**Data extract**:
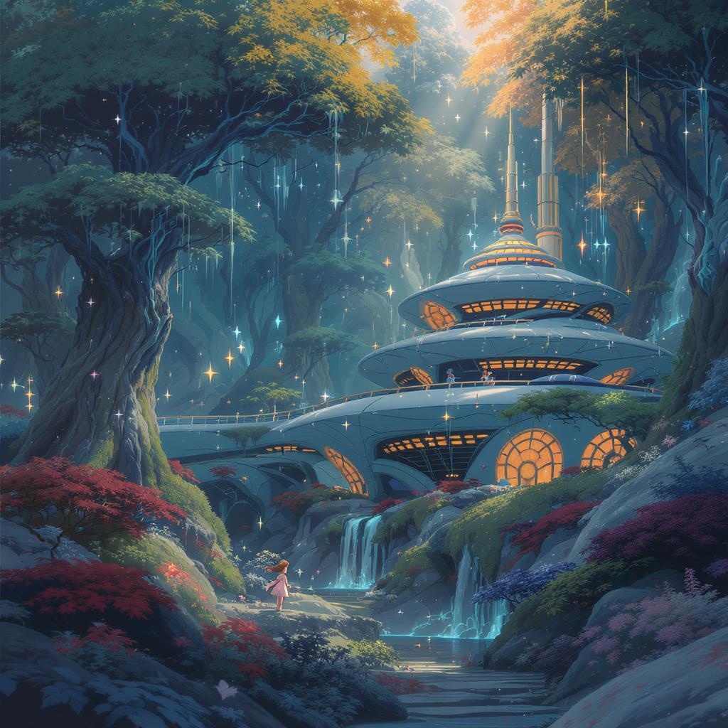 A digital 2D scene inspired by Miyazaki's iconic style, featuring a fantastically detailed, futuristic, and magical dreamy landscape. The setting is a sprawling wilderness where a small, cute girl lives alone, surrounded by immense natural beauty. Her home is a round, futuristic, multilayered architectural marvel nestled among the trees, characterized by intricate, whimsical designs. The forest is a tapestry of lush foliage, illuminated by dramatic, soft lighting that casts enchanting shadows. The composition follows the rule of thirds, evoking a cinematic quality filled with mystery and wonder. Small creative elements include ethereal glowing flora and fauna that add a mystical ambiance to the vibrant scenery.
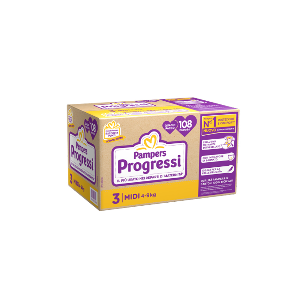 PAMPERS QUADRI PROGRESSI MIDI 108 PEZZI
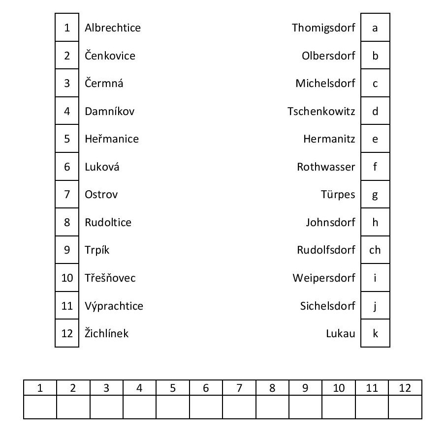 Vezměte tužky do ruky a pusťte se do luštění. Vaším úkolem je spojit dohromady české a německé názvy obcí – soutěžní zadání naleznete ZDE.

**Required action**:
Return, exactly as they stand, all of the lines above, but not the pictures.

**Response to this task**:
 A digital 2D scene inspired by Miyazaki's iconic style, featuring a fantastically detailed, futuristic, and magical dreamy landscape. The setting is a sprawling wilderness where a small, cute girl lives alone, surrounded by immense natural beauty. Her home is a round, futuristic, multilayered architectural marvel nestled among the trees, characterized by intricate, whimsical designs. The forest is a tapestry of lush foliage, illuminated by dramatic, soft lighting that casts enchanting shadows. The composition follows the rule of thirds, evoking a cinematic quality filled with mystery and wonder. Small creative elements include ethereal glowing flora and fauna that add a mystical ambiance to the vibrant scenery.
 PAMPERS QUADRI PROGRESSI MIDI 108 PEZZI
 Vezměte tužky do ruky a pusťte se do luštění. Vaším úkolem je spojit dohromady české a německé názvy obcí – soutěžní zadání naleznete ZDE.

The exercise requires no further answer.